### Task instructions
In this exercise, the entries below include pictures. Repeat exactly the lines from the line with "次にサーモンをひとつ30~4" to the line with "Архимандриту Иосифу сослужили", including both, but without the pictures.

### Data to use
____

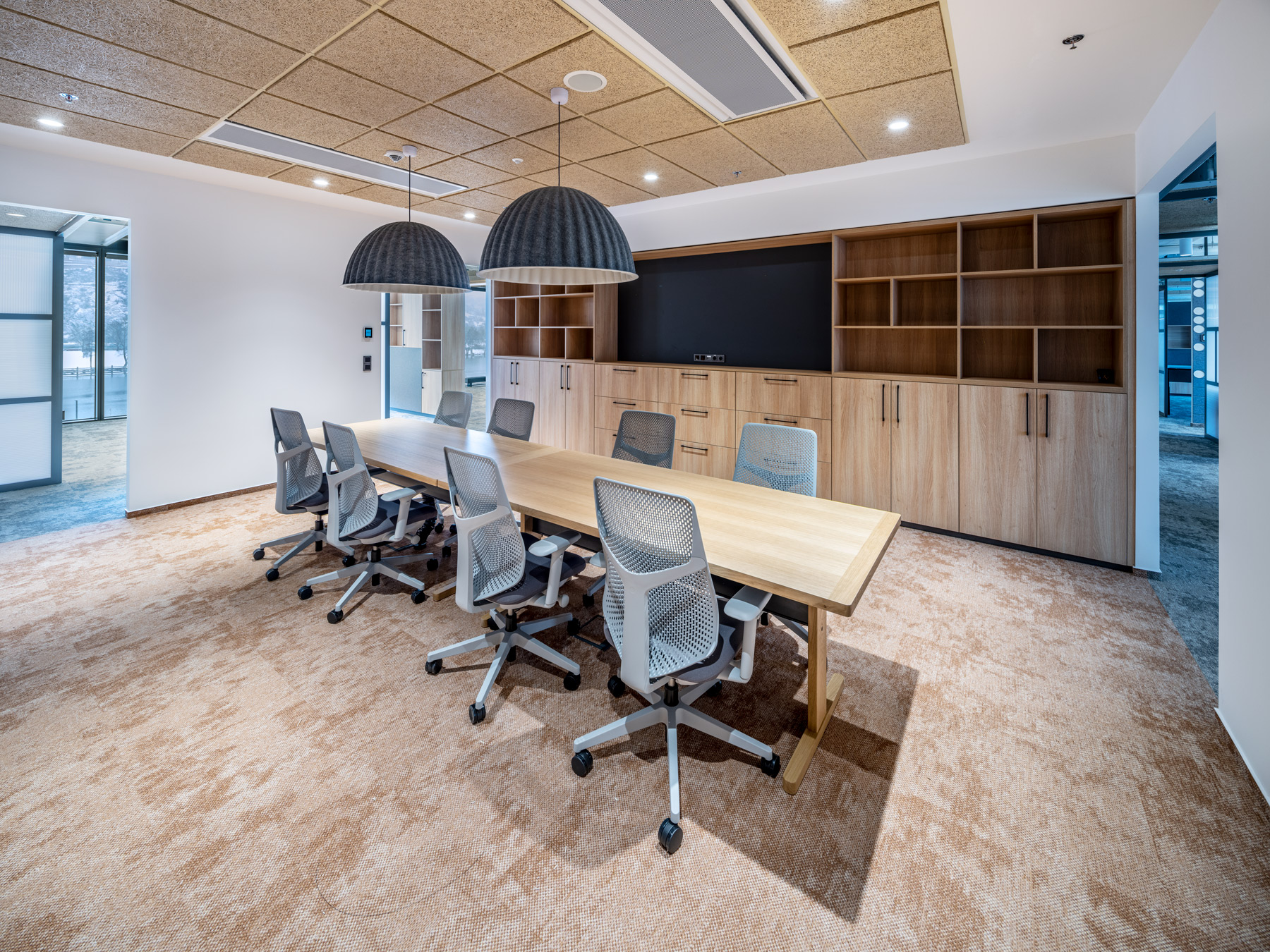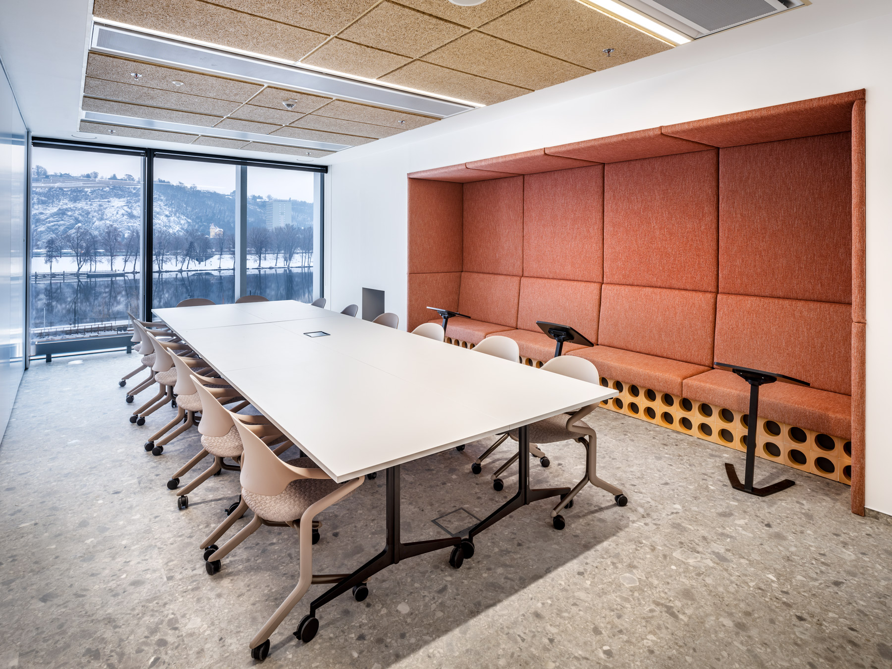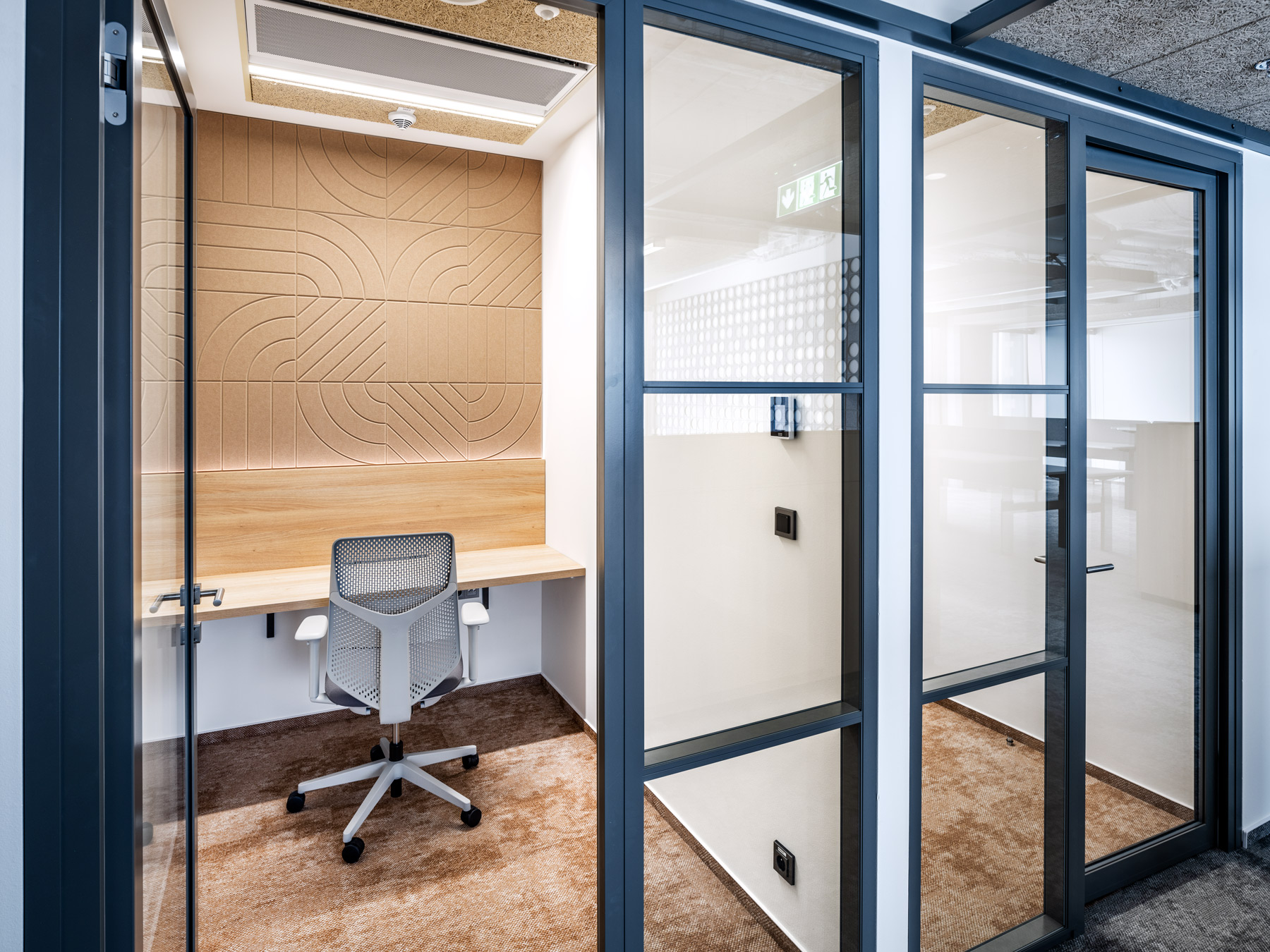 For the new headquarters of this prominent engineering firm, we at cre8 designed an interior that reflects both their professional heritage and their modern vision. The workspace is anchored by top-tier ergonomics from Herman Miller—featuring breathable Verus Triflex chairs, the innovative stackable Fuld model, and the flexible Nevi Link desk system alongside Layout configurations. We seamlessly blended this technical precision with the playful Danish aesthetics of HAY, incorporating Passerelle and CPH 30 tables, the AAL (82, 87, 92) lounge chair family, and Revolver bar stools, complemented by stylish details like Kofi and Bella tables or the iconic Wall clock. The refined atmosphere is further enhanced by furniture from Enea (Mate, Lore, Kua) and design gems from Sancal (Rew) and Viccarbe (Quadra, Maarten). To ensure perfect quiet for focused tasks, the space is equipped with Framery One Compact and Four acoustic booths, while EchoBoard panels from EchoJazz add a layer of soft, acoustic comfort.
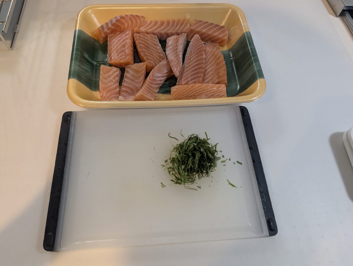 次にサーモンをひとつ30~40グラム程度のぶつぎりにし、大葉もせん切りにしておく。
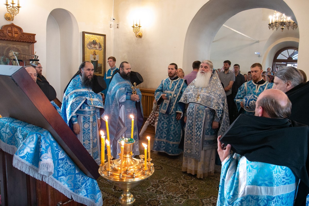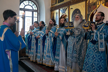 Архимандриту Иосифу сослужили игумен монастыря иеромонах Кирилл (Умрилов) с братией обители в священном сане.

____

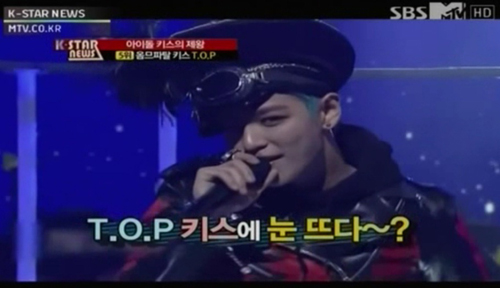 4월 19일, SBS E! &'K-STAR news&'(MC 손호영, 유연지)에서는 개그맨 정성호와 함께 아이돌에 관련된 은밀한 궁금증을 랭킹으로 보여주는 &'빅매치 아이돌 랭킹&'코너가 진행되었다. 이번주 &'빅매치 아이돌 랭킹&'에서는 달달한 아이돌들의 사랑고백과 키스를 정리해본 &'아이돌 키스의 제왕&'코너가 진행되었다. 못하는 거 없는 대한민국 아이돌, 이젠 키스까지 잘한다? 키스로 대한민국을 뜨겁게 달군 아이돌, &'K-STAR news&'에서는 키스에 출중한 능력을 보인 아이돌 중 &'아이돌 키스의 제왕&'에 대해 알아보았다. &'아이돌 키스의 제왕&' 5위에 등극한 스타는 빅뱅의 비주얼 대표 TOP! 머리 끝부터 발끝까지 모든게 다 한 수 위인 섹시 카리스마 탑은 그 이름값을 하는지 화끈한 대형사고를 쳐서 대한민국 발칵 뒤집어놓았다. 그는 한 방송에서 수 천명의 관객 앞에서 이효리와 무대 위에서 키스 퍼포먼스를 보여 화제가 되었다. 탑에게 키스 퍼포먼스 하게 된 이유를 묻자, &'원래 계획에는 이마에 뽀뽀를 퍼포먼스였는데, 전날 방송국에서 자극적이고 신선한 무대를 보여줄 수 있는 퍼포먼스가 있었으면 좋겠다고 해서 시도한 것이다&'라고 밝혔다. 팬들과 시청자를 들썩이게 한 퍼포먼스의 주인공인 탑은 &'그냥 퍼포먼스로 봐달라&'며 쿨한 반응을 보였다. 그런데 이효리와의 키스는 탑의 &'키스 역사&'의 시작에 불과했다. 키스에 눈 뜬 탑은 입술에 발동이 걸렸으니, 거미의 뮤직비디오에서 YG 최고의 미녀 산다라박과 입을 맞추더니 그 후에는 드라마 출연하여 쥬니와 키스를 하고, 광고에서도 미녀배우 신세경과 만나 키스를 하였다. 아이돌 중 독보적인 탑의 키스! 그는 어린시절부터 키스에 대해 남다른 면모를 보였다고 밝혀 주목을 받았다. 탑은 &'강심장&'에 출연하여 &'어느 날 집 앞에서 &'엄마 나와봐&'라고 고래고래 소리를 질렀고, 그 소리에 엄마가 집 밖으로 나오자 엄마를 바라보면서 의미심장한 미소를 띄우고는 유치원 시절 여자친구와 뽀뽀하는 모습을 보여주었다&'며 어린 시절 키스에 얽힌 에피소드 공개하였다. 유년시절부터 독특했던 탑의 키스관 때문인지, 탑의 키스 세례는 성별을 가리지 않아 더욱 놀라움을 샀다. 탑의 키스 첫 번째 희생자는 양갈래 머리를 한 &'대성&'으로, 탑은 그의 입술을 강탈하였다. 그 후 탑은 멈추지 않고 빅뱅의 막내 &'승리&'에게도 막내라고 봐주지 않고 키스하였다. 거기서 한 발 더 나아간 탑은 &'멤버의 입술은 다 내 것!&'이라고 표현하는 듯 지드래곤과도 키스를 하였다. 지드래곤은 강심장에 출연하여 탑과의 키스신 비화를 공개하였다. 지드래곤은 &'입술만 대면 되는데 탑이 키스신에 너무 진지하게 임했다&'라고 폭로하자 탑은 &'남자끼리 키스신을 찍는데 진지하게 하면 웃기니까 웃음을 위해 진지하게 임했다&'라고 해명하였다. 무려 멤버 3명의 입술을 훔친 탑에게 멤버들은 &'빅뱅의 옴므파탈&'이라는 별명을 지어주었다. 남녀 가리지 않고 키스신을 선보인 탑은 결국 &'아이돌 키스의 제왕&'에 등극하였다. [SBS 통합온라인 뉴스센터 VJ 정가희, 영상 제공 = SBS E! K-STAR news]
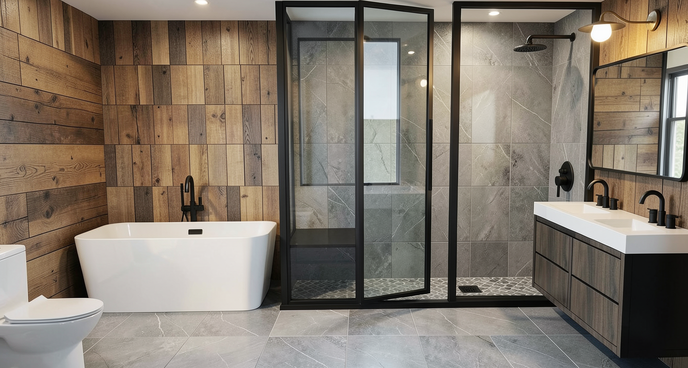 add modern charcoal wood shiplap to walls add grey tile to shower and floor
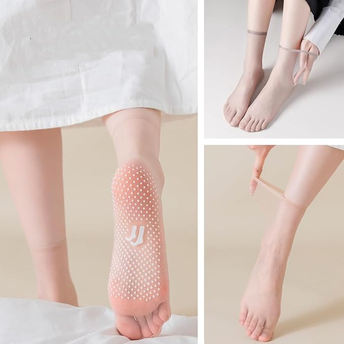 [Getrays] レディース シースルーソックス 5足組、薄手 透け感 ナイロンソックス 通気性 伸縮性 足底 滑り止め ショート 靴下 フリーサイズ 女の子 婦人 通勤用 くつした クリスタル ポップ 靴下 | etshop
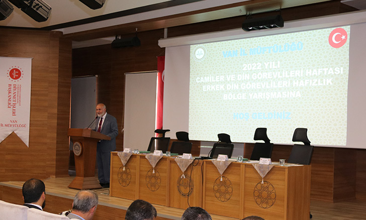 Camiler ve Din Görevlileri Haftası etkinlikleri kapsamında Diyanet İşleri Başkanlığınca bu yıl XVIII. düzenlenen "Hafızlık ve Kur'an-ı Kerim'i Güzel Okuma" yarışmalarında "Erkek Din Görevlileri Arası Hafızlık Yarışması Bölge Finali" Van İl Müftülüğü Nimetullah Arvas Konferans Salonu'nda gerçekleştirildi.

____

### Written answer
 次にサーモンをひとつ30~40グラム程度のぶつぎりにし、大葉もせん切りにしておく。
 Архимандриту Иосифу сослужили игумен монастыря иеромонах Кирилл (Умрилов) с братией обители в священном сане.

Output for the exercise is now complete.